Despite their breakup, Costello and Pérez honored a long-standing Santa Fe Opera commitment in 2016 to sing Romeo et Juliette, by all reports a harmonious and professional effort. But even though their repertoires intersect nicely, they won’t be heard together in the future. “It’s not so much us as the opera houses,” Costello said. “Even if there isn’t a conflict, they try to avoid it.”
Meanwhile, Costello’s midweight lyric tenor had never been as secure as he — and those around him — would have liked. High notes were iffy.
A problematic tonsillectomy yielded some improvements. But Costello had a sense that he and his esteemed vocal coach Bill Schuman, who had cultivated the Costello voice since 2003, had gone as far as they could.
Revising his vocal technique with Anthony Manoli, whom he knew from his work with soprano Sondra Radvanovsky, was productive but nerve-racking.
“It’s like being a child actor," Costello said. "You become fashionable or visible at such an early age … and you’re less willing to change anything in the equation for fear that you’ll throw it off. But there was so much I wanted to do vocally and couldn’t find a way to translate it. … I was lacking tools.”
Though lyric tenors of his caliber enjoy special status because good ones are so rare, Costello knows that he’s on a tightrope like everybody else. “In opera you can be on top of the world one day and a year later be at the bottom of it,” he said, “and if it gets to the point where you’re concerned every time you go onstage, they aren’t going to want you onstage. Look at the Met and how many productions they do every year. They want to hire people they can count on.”
He also has a Northeast Philly work ethic, coming from a family where his dad’s arrival home from work meant that mom was off to do the evening shift as a supermarket cashier.
Vocal coach Manoli was impressed how quickly and quietly he shored up his vocal foundation while maintaining a full performance schedule. “The fight-or-flight tendency is to go back to the old way of doing things,” Manoli said. “The calmness with which he did the work was very admirable."
Taking control of his own voice coincided with his budding relationship with Kwon.
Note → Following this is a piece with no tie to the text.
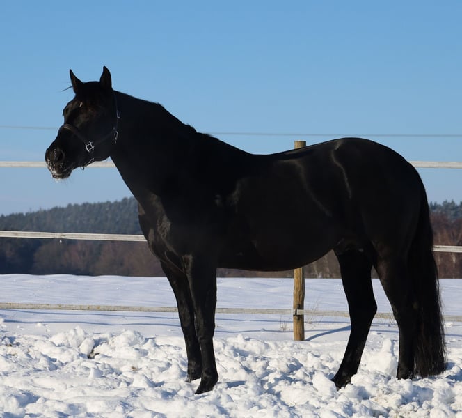 GOTTA LOPIN LUCINDA, nacida el 26/01/2026, castaña con crines negras Nuestra "Liz Gotta Gun" (Lisbeth) y nuestro "Blackberry" han dado a luz a una potranca muy adorable, ¡simplemente se puede decir que la cría encaja a la perfección! "Lucinda" ha heredado todas las cualidades positivas de sus padres: una estructura corporal correcta y buena postura, mucho encanto y carácter, potencial de movimiento, y seguramente será una compañera de monta confiable, como sus padres. Por ello, una familia apasionada por los caballos seguramente disfrutará mucho de ella. Además, será una excelente montura para disciplinas como Reining y las clases de Ranch Horse, como Ranch Riding, Ranch Trail, Ranch Rail, así como en el ámbito de los caballos versátiles. Su pedigrí también respalda esta calidad, incluyendo a destacados reproductores y leyendas de la cría de QH, como Hollywood Dun It, Grays Starlight, Smart Little Lena, Continental King y King P-234. El papel AQHA está disponible en línea y también en formato físico en nuestra oficina. En breve, será chipada y se solicitará el pasaporte de equino DQHA, incluyendo la certificación de cría. Ambos padres han realizado las pruebas de 5 paneles y las pruebas IMM/MYH1. Como todos nuestros potros, crece en manada con otros caballos de su edad y recibe una crianza experta. Las desparasitaciones periódicas y las visitas al herrador son parte de nuestra rutina habitual. En caso de venta, se garantiza su seguro de vida, incluyendo un certificado de salud veterinario. Los costes y riesgos permanecen en nuestra responsabilidad hasta la entrega, es decir, hasta que complete los 6 meses de edad. A petición y a costa del comprador, se puede realizar la inscripción en la Futurity de la NRHA y la NSBA (posible desde este año), así como en el programa de potros jóvenes de la EWU. Sus padres y varios medio-hermanos están disponibles para visitar en nuestra finca. Las últimas fotos muestran a sus padres. Tel. 0170/4443194 Más fotos y detalles en www.goetz-quarterhorse.de

They were married at New York’s City Hall on June 30, 2017, three months after they began dating seriously — with neither family present.
“Since we had both been married before, we know that big weddings aren’t for the couple but for everybody else,” said Costello. “We took pictures. We had tacos. Then we got in the car and drove to Philadelphia to pick up the engagement ring that I had bought for her.
"I accidentally told my parents the next day. I was talking about changing the car insurance and my mom said, ‘Why do you have to do that?’ ”
In his apartment on the 12th floor of a newish Manhattan apartment complex — where Bruce Willis is a neighbor — Costello seems a long way from his roots.
Professionally, he is in an odd in-between zone that promises no immediate return to Philadelphia concert halls. Opera Philadelphia is invested in new repertoire. The Philadelphia Orchestra has only started performing the sort of operas in concert for which Costello would be appropriate.
But Philadelphia — in the form of his extended family — comes to him.
“For them, coming here … isn’t just getting in the car or on a train. They rented a limousine, got 15 people in it, and had a party all the way to our apartment,” Costello says. “It gets super loud in here. We’re from Philadelphia, so we always yell when we’re in a big group.”
Stephen Costello sings Rigoletto at the Metropolitan Opera on May 10. Information: metopera.org or 212-362-6000.